Shown below are entries with pictures; the line with "Chup-chup de maracujá" through the line with "PEKANBARU(RakyatTimes.id) – Kepolisian" is the span to retype exactly, and the pictures stay out.
★ ★ ★
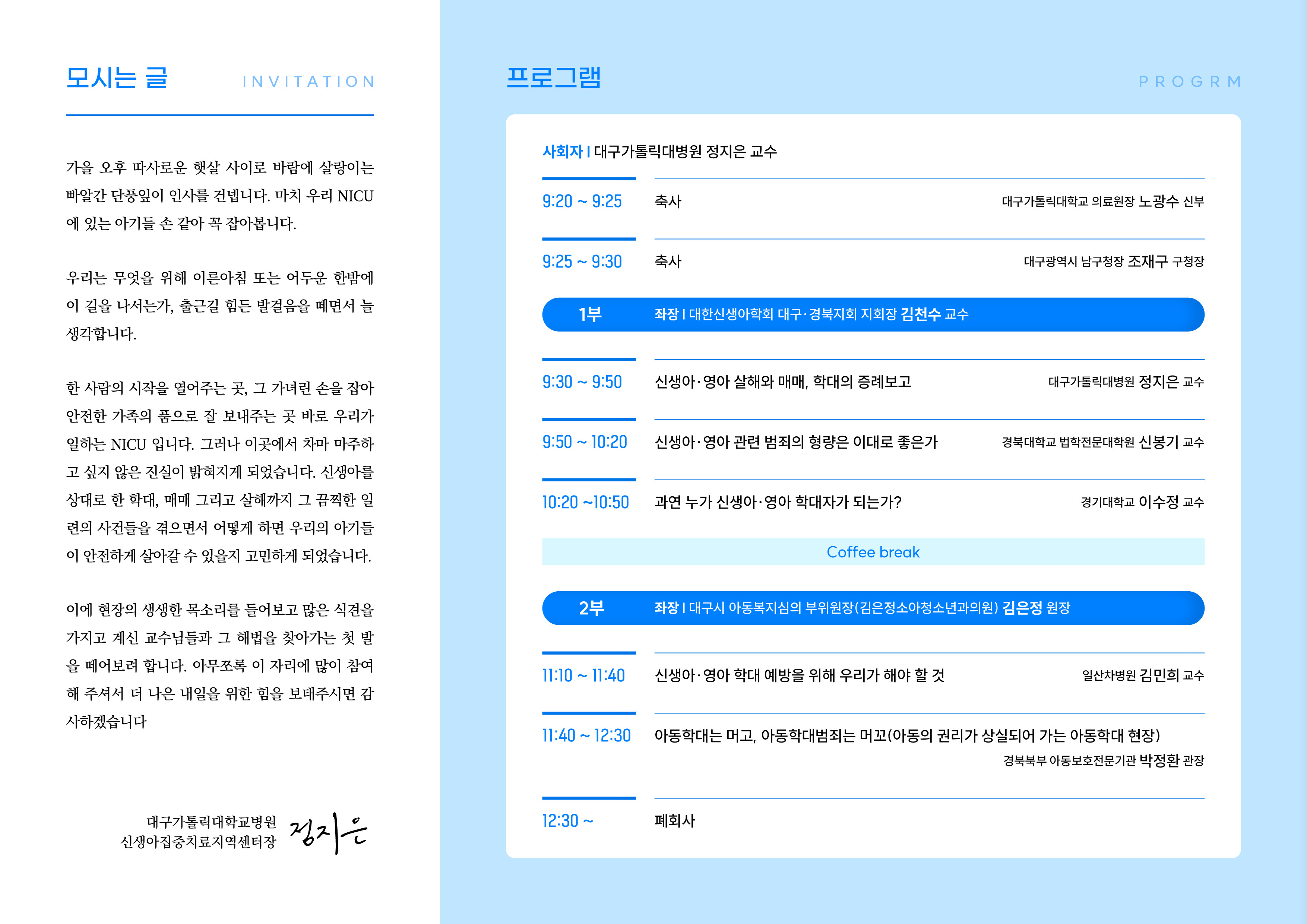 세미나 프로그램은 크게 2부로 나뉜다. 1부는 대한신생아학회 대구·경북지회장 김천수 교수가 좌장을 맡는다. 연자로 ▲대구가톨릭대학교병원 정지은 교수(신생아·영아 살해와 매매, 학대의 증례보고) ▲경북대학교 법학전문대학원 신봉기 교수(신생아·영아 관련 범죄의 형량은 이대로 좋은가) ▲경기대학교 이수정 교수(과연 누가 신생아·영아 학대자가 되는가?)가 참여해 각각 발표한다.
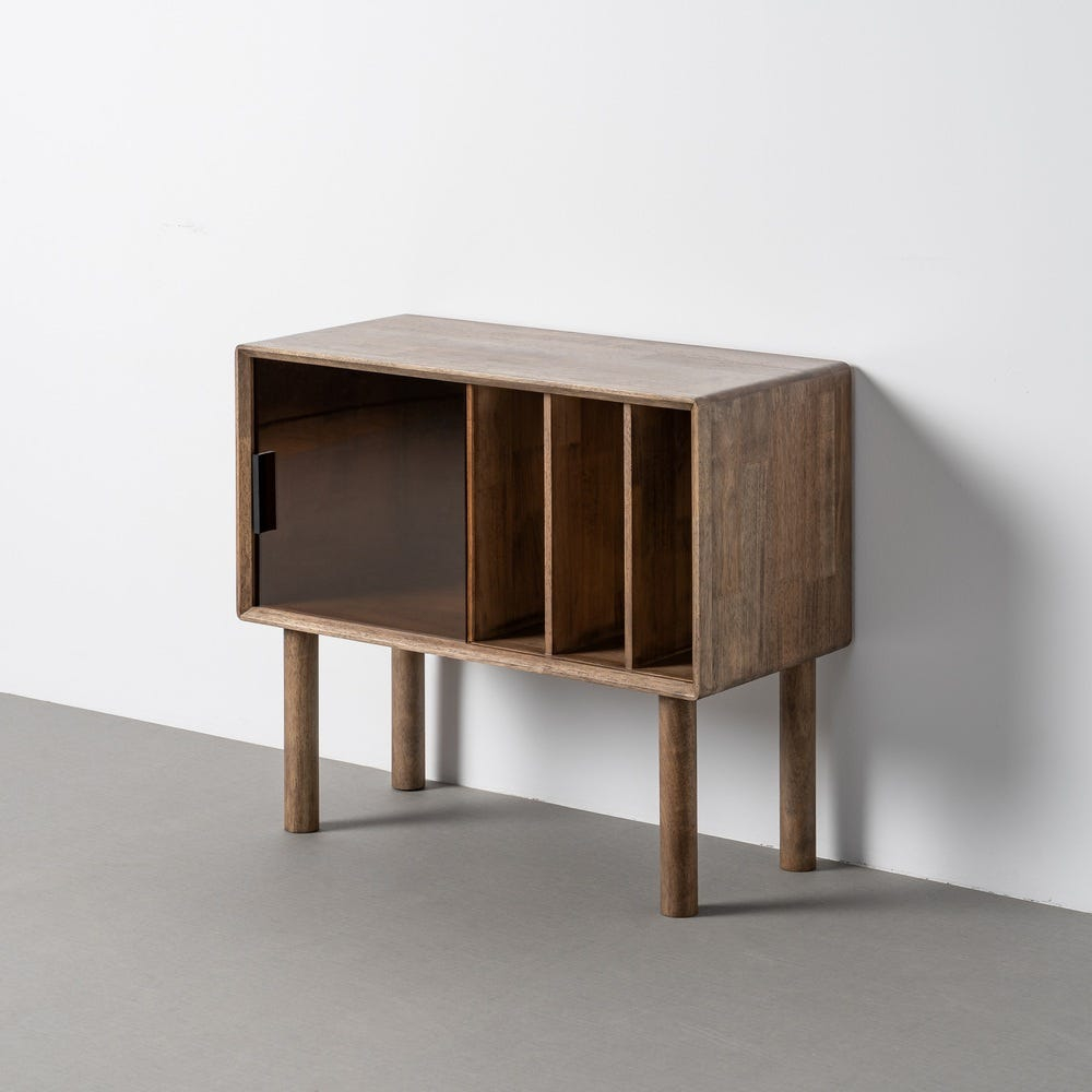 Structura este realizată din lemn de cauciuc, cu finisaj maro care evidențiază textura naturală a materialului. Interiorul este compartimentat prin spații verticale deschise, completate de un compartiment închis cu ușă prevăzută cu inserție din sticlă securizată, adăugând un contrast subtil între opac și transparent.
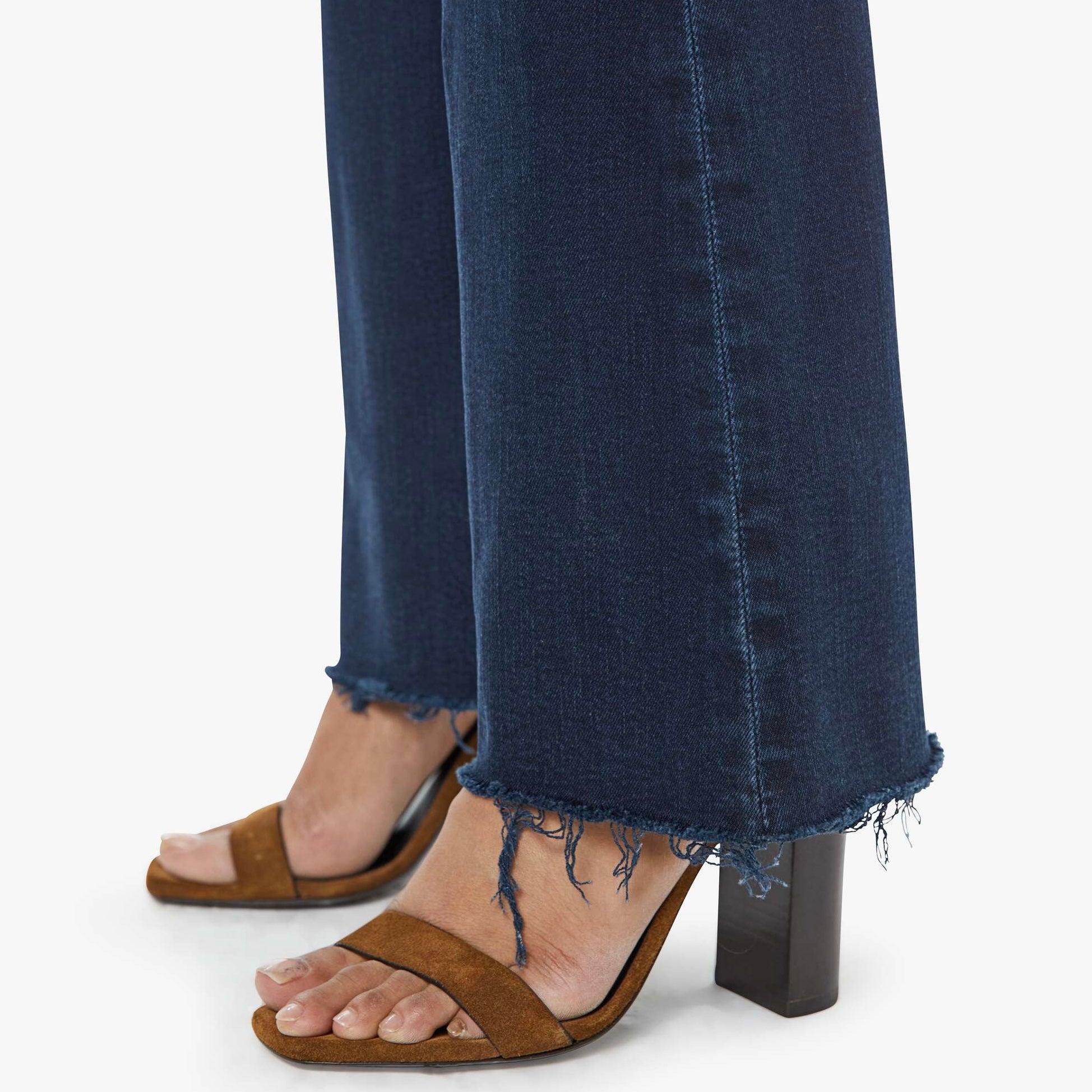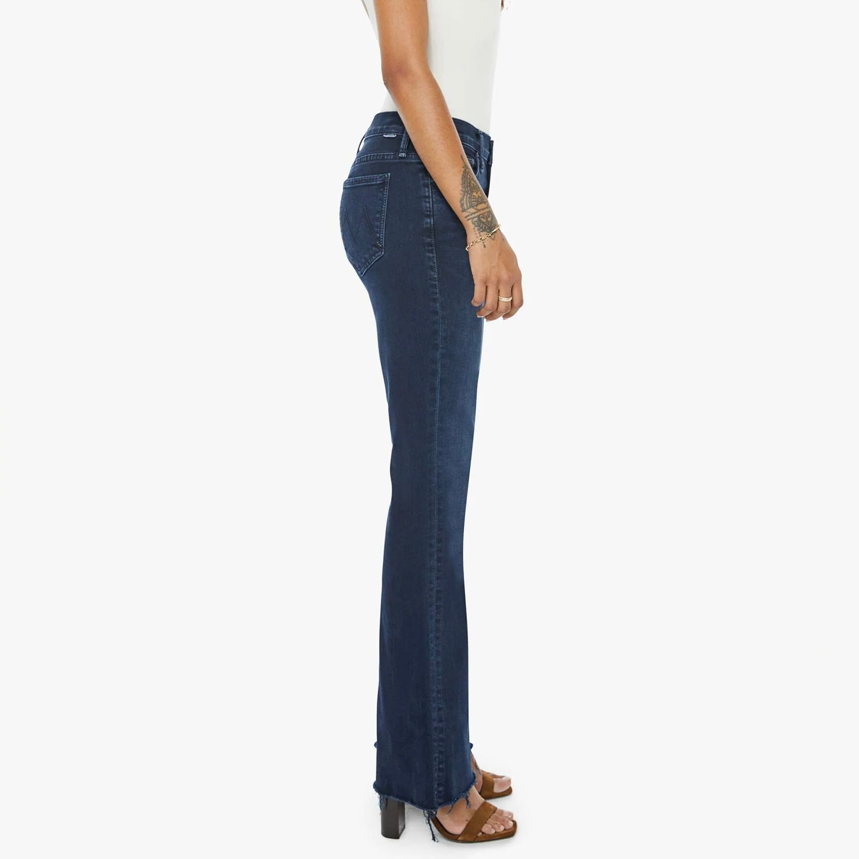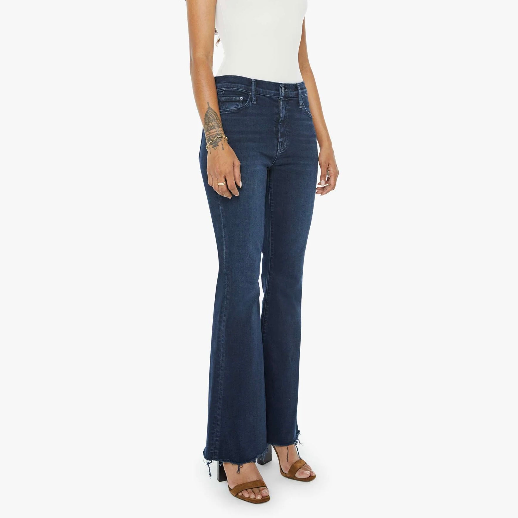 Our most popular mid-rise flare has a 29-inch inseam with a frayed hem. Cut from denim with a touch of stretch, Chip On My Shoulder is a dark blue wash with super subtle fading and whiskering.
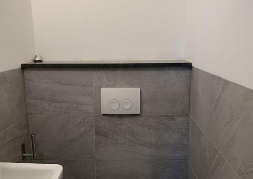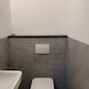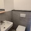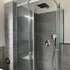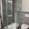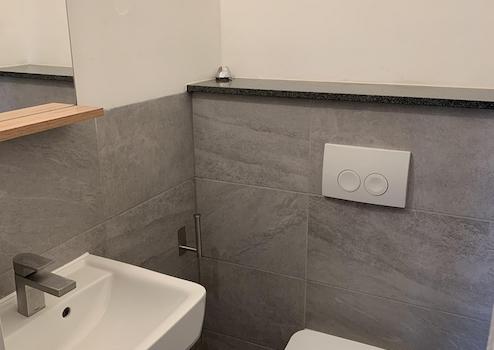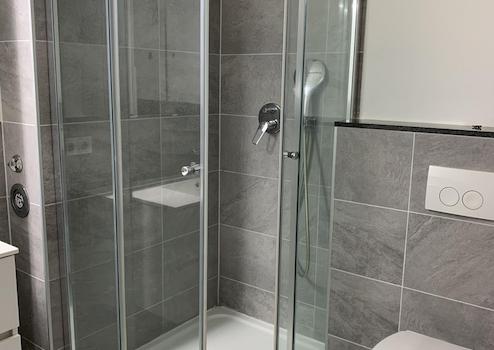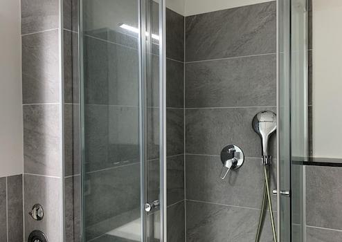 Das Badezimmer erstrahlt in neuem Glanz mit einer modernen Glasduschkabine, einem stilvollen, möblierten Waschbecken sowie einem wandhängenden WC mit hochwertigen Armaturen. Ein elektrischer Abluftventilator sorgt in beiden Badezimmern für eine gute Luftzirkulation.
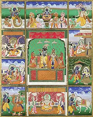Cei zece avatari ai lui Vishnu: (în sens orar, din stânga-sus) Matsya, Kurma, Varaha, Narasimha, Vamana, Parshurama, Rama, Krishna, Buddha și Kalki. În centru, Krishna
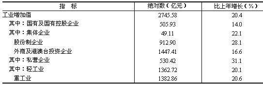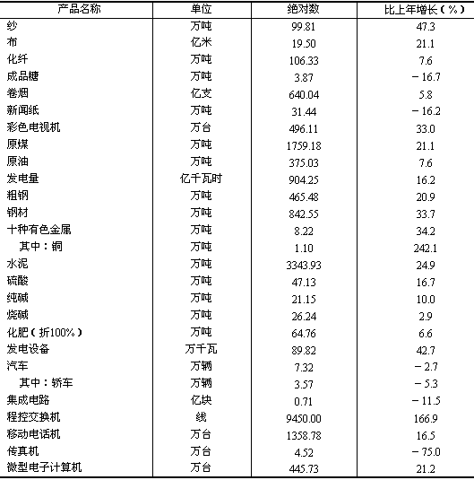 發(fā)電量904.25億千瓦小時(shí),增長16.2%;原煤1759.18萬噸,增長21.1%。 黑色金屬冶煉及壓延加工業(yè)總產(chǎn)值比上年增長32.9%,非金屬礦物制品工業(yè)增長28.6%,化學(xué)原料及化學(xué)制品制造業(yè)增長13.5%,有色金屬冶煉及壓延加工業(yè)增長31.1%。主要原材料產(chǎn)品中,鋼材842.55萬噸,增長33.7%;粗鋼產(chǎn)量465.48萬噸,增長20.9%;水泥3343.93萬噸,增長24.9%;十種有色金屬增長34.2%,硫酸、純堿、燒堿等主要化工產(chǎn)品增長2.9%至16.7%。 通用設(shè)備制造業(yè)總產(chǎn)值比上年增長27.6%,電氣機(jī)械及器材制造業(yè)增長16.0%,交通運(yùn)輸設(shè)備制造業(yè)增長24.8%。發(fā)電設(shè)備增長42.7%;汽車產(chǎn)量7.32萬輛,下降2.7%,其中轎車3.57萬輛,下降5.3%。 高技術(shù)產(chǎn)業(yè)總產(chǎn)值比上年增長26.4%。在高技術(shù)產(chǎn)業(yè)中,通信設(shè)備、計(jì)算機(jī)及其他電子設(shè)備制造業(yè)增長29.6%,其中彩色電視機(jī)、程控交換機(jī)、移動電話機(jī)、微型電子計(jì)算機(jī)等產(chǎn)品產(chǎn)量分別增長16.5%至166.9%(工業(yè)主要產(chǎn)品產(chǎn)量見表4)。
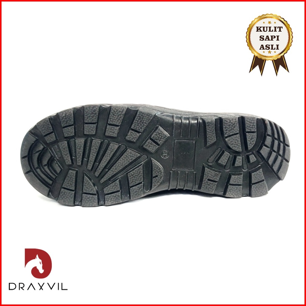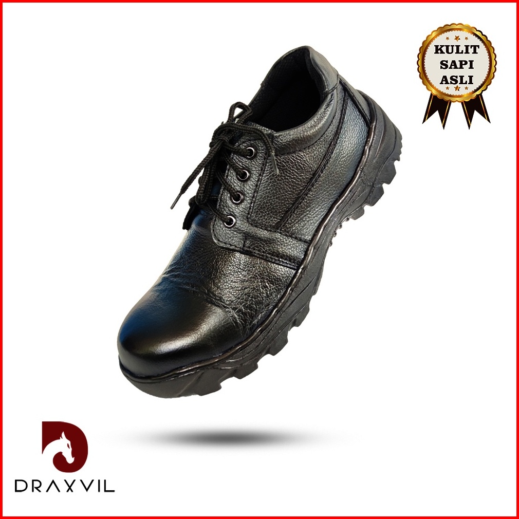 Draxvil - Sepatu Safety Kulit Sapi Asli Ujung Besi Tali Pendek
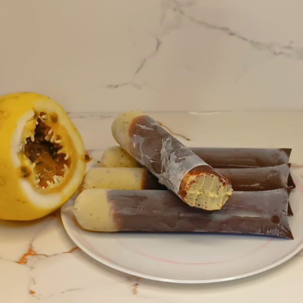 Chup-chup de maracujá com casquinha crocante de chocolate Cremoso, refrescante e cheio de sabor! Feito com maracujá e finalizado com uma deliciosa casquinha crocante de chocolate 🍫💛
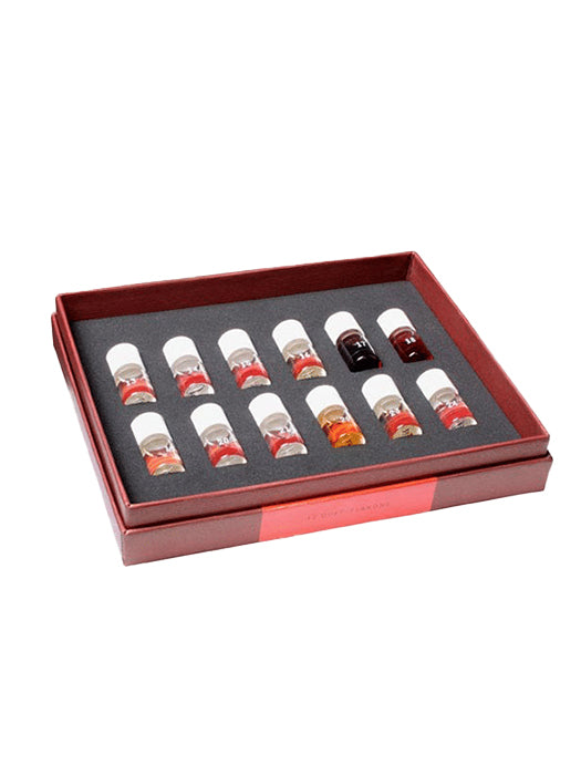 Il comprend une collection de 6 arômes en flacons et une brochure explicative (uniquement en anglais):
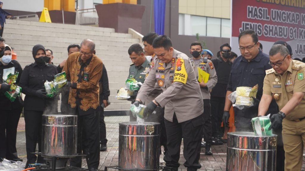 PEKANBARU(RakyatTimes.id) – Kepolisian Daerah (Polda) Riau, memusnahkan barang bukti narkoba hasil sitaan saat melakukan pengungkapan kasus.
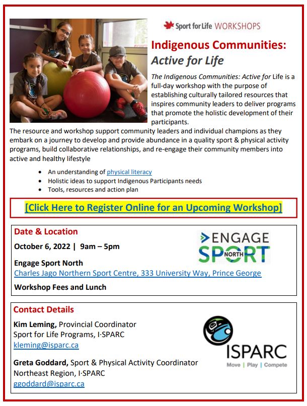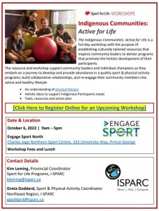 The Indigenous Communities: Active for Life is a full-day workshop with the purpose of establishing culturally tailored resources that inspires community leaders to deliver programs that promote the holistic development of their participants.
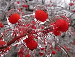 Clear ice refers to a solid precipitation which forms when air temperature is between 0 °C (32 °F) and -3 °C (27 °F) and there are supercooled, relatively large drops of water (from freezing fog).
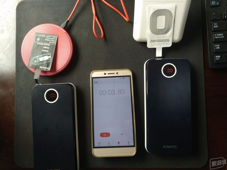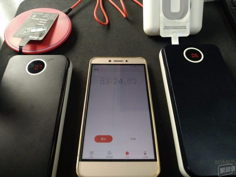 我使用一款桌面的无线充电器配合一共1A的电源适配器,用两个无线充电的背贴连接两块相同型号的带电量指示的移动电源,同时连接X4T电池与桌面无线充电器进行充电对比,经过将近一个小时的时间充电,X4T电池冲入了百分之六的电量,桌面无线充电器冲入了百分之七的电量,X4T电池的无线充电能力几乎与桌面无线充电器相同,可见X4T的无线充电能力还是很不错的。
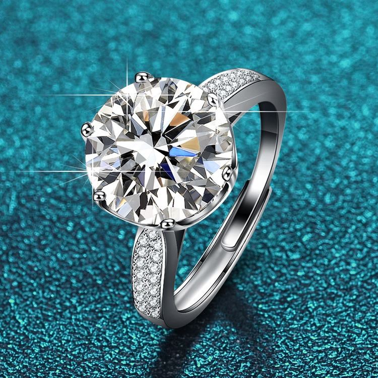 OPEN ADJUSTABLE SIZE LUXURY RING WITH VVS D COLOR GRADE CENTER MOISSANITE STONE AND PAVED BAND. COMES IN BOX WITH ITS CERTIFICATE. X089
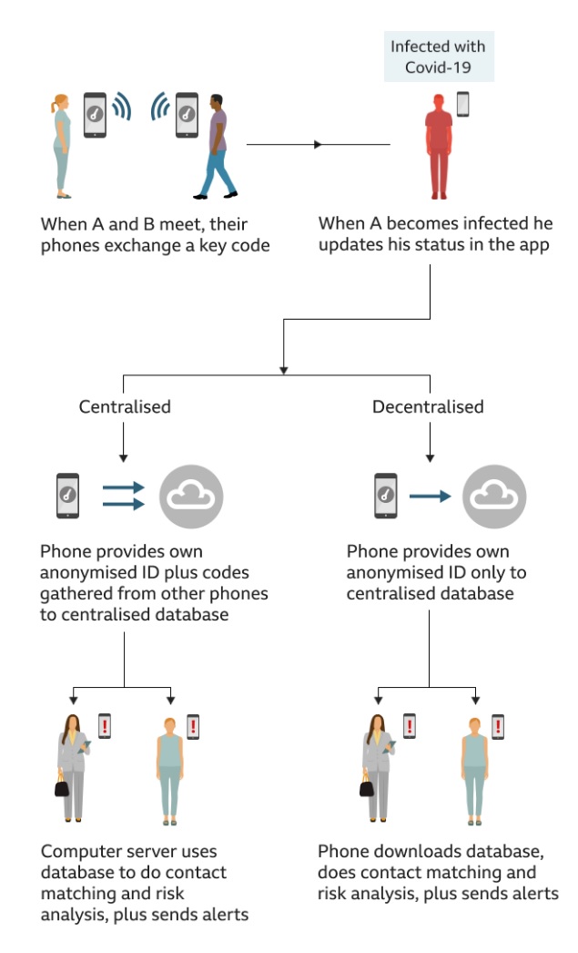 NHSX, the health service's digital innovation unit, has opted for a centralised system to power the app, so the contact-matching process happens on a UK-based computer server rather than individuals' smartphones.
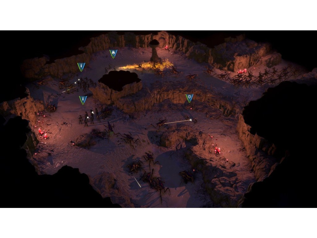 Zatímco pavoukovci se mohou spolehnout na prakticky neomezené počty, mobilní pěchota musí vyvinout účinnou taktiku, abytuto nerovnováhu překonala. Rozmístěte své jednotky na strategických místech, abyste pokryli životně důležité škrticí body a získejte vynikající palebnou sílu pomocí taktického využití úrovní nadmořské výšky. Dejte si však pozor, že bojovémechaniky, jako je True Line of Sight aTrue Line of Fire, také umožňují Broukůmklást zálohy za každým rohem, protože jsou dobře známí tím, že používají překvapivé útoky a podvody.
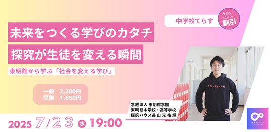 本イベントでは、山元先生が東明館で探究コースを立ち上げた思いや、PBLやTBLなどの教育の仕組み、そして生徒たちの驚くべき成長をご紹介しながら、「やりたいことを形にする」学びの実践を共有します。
★ ★ ★
- **Solution below**:
 Chup-chup de maracujá com casquinha crocante de chocolate Cremoso, refrescante e cheio de sabor! Feito com maracujá e finalizado com uma deliciosa casquinha crocante de chocolate 🍫💛
 Il comprend une collection de 6 arômes en flacons et une brochure explicative (uniquement en anglais):
 PEKANBARU(RakyatTimes.id) – Kepolisian Daerah (Polda) Riau, memusnahkan barang bukti narkoba hasil sitaan saat melakukan pengungkapan kasus.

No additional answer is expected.